In the humanities in particular, it seems that scholars have forgotten or neglected to name that we work with and through our own bodies and engage with other bodies—that the body is an active location of both knowing and being, of both contact and resistance. We tend to metaphorically replace or cover the body with 'text,' passively reading the body as a figurative representation of social and cultural codes perhaps in order to resist the binary reading of the body as biological, as expressive. We tend to erase the body despite its corporeal presence, and we must re-remember that such erasures are not neutrally enacted, but that the body is always already a politicized identity-space.
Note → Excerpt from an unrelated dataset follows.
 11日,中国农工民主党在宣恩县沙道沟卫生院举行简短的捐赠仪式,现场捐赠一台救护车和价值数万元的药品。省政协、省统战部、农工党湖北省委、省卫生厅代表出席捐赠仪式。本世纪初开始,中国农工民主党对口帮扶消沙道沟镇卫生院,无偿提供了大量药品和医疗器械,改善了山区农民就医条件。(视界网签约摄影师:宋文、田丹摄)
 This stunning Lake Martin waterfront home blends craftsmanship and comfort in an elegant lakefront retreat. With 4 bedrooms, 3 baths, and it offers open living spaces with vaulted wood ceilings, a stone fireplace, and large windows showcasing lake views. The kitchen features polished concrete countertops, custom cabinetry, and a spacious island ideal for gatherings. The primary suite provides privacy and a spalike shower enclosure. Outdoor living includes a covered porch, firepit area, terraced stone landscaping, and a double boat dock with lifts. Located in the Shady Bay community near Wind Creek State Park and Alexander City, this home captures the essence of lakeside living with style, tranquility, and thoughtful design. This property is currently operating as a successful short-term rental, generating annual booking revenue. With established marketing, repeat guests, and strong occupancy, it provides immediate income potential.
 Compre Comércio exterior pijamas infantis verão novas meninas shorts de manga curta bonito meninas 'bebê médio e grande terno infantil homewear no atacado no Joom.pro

When we suppress the body, we perpetuate the making of what Foucault (1977) named docile bodies in our classrooms, in our scholarship, and in our lives, but we can make a conscious and well-informed, experiential case against continuing such practices. We can cease to "rob ourselves of ourselves and each other" (Lorde, The Cancer Journals, p. 23). We can transform our methodologies; we can move the body from the background to the foreground, as enacted by feminist and disability studies scholars in a variety of media.
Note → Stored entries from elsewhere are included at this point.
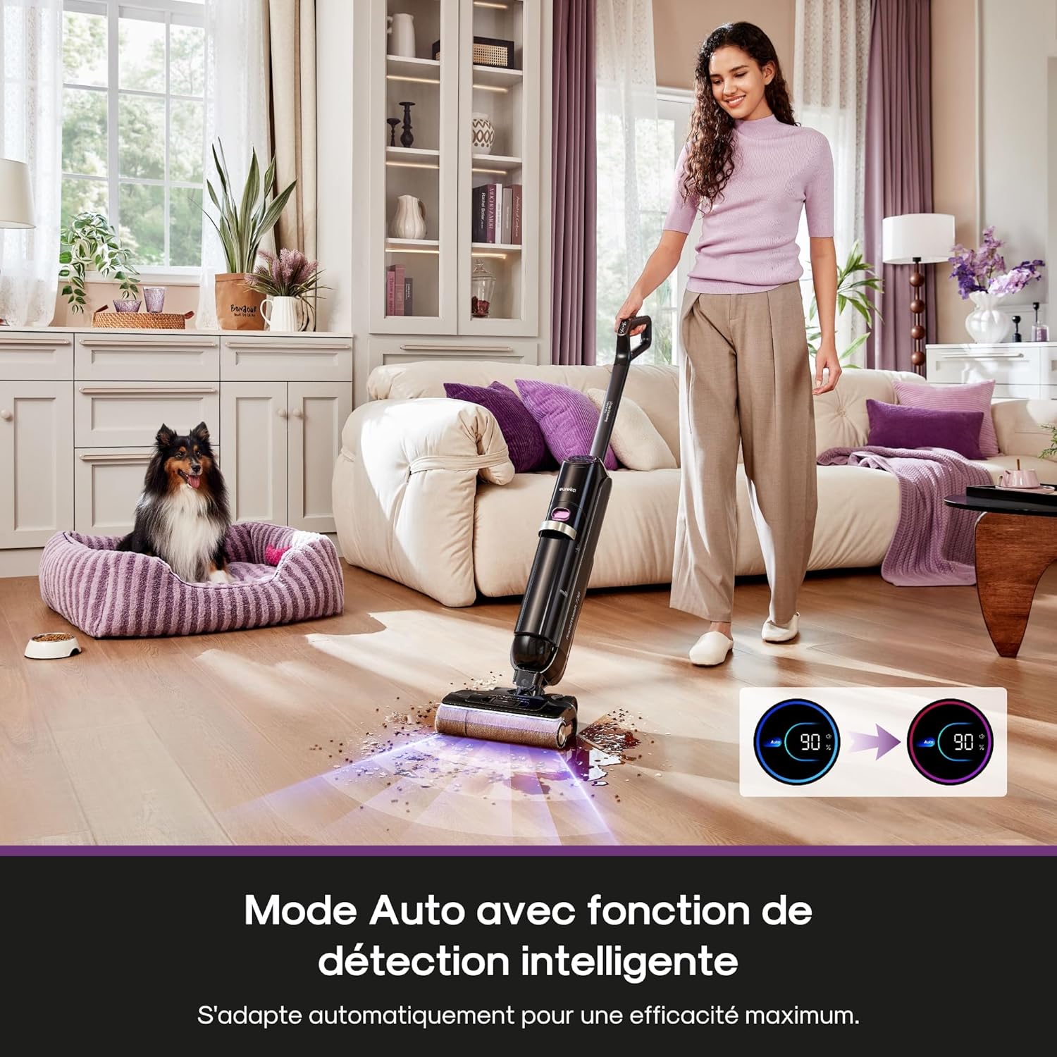 EUREKA RapidWash NEW730 Aspirateur Laveur sans Fil Aspiration 21600 Pa, Lavage Eau Chaude 85 °C, Séchage 5 Minutes Air Chaud, Anti Emmêlement 2,0, Conception à Plat, Autonomie 40 Mins Ininterrompue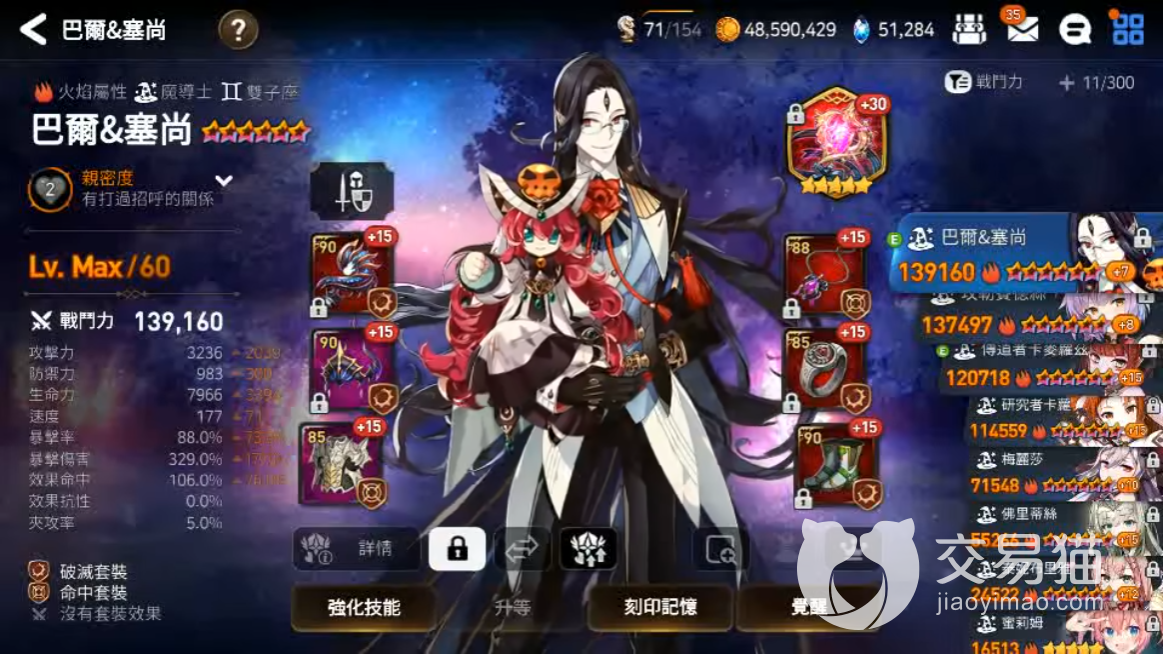 3、巴尔&塞尚:带速度套和生命值套,攻击力3000+、防御力无要求、生命值无要求、速度170左右、暴击伤害300%+、效果命中100%+。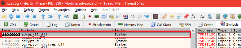 In the left panel of the Symbols tab, click on advapi32.dll:

In their critical sourcebook, Disability and the Teaching of Writing, Cynthia Lewiecki-Wilson and Brenda Jo Bruggemann (2008) name Part Two of their book "Embodied Writing." In this section, they argue that "embodied knowledge emerging from disability experiences and perspectives shapes the teaching of writing" (p. 95). As Lewiecki-Wilson and Bruggemann advocate, "...all writing instructors-whether disabled or not- [can] address the role of bodies in learning and in writing" (p.95). We extend this argument and rearticulate the underlying warrant that bodies compose differently, across multiple modes, forms, and technologies. Paying attention to the role of various bodies and various abilities will expand what we constitute as writing, as teaching, as inventing.
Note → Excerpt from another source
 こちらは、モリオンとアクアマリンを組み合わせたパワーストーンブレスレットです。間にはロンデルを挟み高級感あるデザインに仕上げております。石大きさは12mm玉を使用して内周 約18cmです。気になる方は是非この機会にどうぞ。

Inspiring our own attempts to use new media to visualize the central role of the body in invention, Anne Frances Wysocki (2002) and Melanie Yergeau (2009) have re-embodied the digital writing process by literally folding the physical body, as visible content, into their highly theoretical, multimodal webtexts; in both texts, the body is an explicit and central piece of the subject matter, merging materiality and content. In both texts, the authors designed the interface with images of physical, visible bodies—although in drastically different ways—which call for distinct theoretical interpretations. Speaking back to the body as trope from her own situated knowledge, Yergeau interjects, "I'm a text. Sometimes I think this metaphor is faulty, especially since my body isn't booklike, and, although I do have a spine, I don't have pages or a cover....My body is text personified" (2009). Yergeau remediates the metaphorical connection between text and body, between flesh and book, echoing Wysocki’s argument in “A Bookling Monument” that we have learned the materiality of the body by comparing it to the materiality of the book. Wysocki designs an interface that blurs the distinction between body and book: the flesh-colored body forms the backdrop of the entire text, and white folded sheets of paper scatter over the body, ordered, structurally balanced, yet non linear—each sheet of paper contains a deeper, entangled narrative tributary that builds toward a larger, intertextual argument. In both texts, users select where on the body interface to navigate, becoming embodied extensions of the text and through their use, making meaning about the role and implication of their own bodies.

As you make your way through act 2 and act 3 of this project, you will recognize the presence of human bodies: You will see human bodies engaged in acts that might at first seem disconnected from invention practices, bodies diversely engaged in daily living. In act 2, we recorded our own bodies on video, we collected creative commons videos that captured living, breathing bodies, and in act 3, we created and discovered visual images and linguistic quotes that contained bodies. As you engage acts 2 and 3, we invite you to experience the embodied re-enactment of invention—to take notice of how your body co-operates with our bodies in a larger communal effort to reinvent invention (and body studies).